Luchadora Profile: Jennie Carreón Fighting for Our Community’s Health and Well-Being

Jennie Carreón is no stranger to advocacy and caring for others. As a child, she grew up in East Los Angeles and often served as the translator and advocate for her family, reading bills and other correspondence for her family and serving as the liaison between her family and the English speaking world. She spent her youth between East Los Angeles and Ciudad Juárez, Chihuahua, México.

After graduating from Garfield High School, Jennie attended college, and she participated in the Semester at Sea program where she traveled to 15 different countries around the world.

“Going to China, India, South Africa, and Kenya, this experience blew my mind.
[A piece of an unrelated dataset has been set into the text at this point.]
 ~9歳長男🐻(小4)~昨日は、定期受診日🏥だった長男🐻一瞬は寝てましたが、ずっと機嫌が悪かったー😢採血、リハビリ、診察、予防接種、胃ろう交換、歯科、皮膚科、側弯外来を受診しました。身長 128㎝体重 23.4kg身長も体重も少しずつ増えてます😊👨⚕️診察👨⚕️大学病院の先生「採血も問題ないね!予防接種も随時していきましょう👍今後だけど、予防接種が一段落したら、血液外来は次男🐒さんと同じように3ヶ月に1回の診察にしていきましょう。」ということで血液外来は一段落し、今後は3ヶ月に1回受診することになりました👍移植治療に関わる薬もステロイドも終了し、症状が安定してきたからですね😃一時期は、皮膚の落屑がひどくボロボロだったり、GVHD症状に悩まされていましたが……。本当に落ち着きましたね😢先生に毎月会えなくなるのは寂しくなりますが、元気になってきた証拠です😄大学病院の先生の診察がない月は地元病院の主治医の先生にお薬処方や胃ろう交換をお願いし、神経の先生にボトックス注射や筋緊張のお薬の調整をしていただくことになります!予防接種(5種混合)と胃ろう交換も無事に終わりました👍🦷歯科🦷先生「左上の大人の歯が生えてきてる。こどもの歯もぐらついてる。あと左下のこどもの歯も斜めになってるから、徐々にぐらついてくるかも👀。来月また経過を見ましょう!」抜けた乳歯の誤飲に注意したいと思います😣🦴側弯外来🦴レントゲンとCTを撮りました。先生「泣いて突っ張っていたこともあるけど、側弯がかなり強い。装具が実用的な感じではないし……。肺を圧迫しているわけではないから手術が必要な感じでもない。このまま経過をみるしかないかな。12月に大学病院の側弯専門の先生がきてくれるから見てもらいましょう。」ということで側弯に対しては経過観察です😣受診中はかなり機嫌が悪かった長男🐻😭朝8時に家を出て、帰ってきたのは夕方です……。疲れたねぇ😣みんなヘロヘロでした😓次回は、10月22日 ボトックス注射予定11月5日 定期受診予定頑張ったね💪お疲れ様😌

I saw first hand how public policy affects the world around us, sometimes positively and sometimes negatively, but that experience studying abroad motivated me to study public policy,” Jennie said.

When she returned from earning her undergraduate degree, Jennie enrolled in graduate school to earn a master’s degree. She received a paid fellowship and ended up working for Governor Gray Davis. This experience working for Governor Davis solidified Jennie’s commitment to working in public policy and to serving the public.
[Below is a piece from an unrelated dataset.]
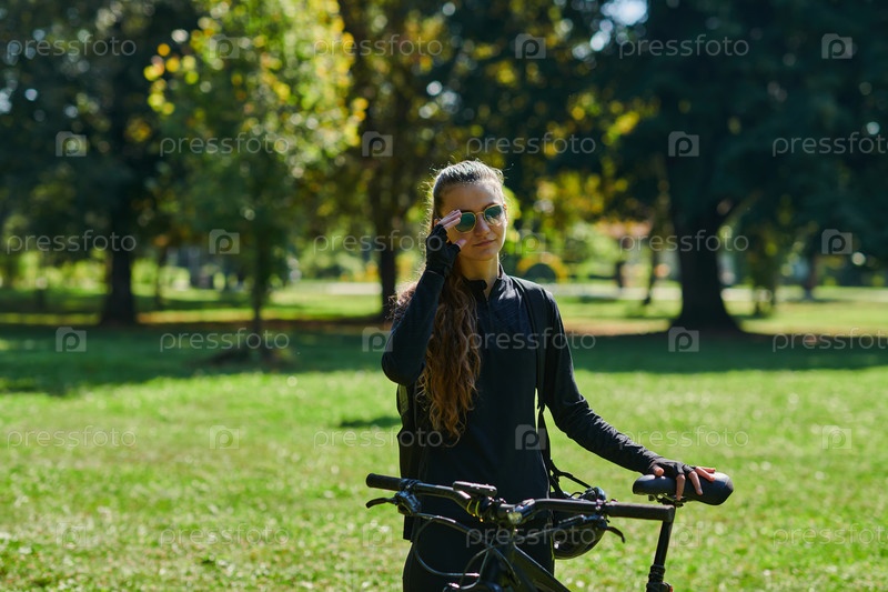 В лучезарных объятиях солнечного дня радостная девушка, облаченная в профессиональную велосипедную экипировку, находит чистое блаженство и жизненную силу, катаясь по парку на своем велосипеде, а ее заразительный смех отражает беззаботную гармонию момента

When Davis was recalled, Jennie’s mentor encouraged her to get some campaign experience. She applied for a job at the United Farm Workers (UFW). She ended working for the United Farm Workers organizing farmworkers for arbitration rights. Jennie calls this experience the “most humbling and the hardest work that I have ever done.” In her own family, there are three generations of farm laborers, so the work was very relevant to her personally. With UFW President Arturo Rodriguez and Presidential Medal of Freedom awardee Dolores Huerta, Jennie organized a 150-mile march from the San Joaquin Valley to Sacramento that resulted in the governor signing the historic labor arbitration legislation.

After working with the UFW, Jennie worked as the field director for the East Los Angeles office of Antonio Villaraigosa’s historical mayoral campaign. In this role, she put the campaign and organizing skills that she had learned at the UFW to work. Jennie recruited whole families to phone bank and volunteer for the Villaraigosa campaign. Once he was in office, Jennie went to serve as a senior advisor to Mayor Villaraigosa and was a liaison to environmental officials, business groups, and elected officials at all levels. One of the her accomplishments that she’s most proud of is having overseen the largest open space park initiative in the county.

When Mayor Villaraigosa’s term was over, Jennie contemplated going into lobbying because many professionals with similar experiences often go that route. Because she’s committed to social justice and has her own ideals, Jennie knew that she would never really be satisfied working for a big lobbying firm.

In between the mayoral campaign and working for Mayor Villaraigosa, Jennie had an opportunity to work for Soledad Enrichment Action (SEA) Charter Schools, a charter management organization which started with the school that her grandmother founded in the ‘70s to provide wraparound services for high risk youth. As the Government Relations Director for SEA, Jennie helped to get a bill passed that gave SEA the authority to continue to operate as an independent charter school system. Jennie’s legislative advocacy in working for the charter organization helped her build strong relationships with lawmakers and staff that she relies on to this day.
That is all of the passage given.